Directions for this task: Everything from the line that holds "Vendo lavatoio bianco" through the end of the listing below must be retyped word for word, without any pictures.

Source material:
____
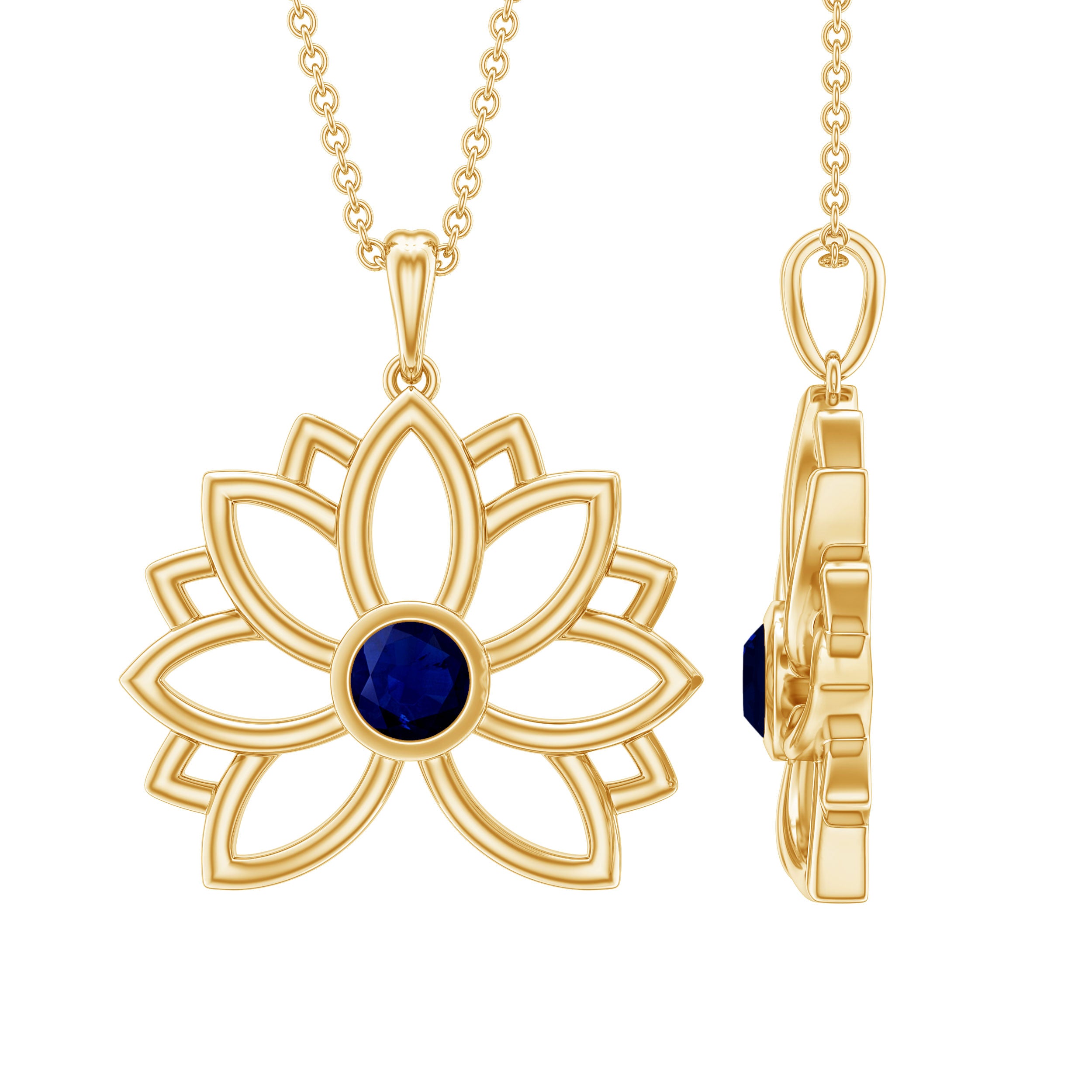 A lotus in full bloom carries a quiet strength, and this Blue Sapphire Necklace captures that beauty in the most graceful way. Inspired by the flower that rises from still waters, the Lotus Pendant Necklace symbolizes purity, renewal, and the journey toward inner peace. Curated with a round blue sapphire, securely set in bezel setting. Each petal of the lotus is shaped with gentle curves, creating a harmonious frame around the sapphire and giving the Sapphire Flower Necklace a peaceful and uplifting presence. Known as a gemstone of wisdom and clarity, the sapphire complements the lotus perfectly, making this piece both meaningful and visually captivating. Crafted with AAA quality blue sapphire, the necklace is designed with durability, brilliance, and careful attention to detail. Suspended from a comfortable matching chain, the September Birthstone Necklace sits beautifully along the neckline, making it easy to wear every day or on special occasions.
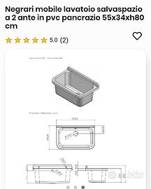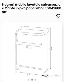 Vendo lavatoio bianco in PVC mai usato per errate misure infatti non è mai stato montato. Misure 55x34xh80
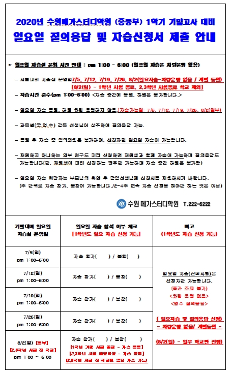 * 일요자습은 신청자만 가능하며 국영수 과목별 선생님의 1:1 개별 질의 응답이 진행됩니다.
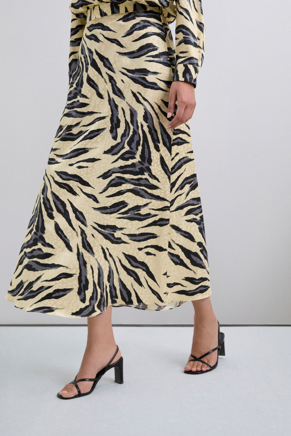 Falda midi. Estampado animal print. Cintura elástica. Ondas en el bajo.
____
Answer to this exercise:
 Vendo lavatoio bianco in PVC mai usato per errate misure infatti non è mai stato montato. Misure 55x34xh80
 * 일요자습은 신청자만 가능하며 국영수 과목별 선생님의 1:1 개별 질의 응답이 진행됩니다.
 Falda midi. Estampado animal print. Cintura elástica. Ondas en el bajo.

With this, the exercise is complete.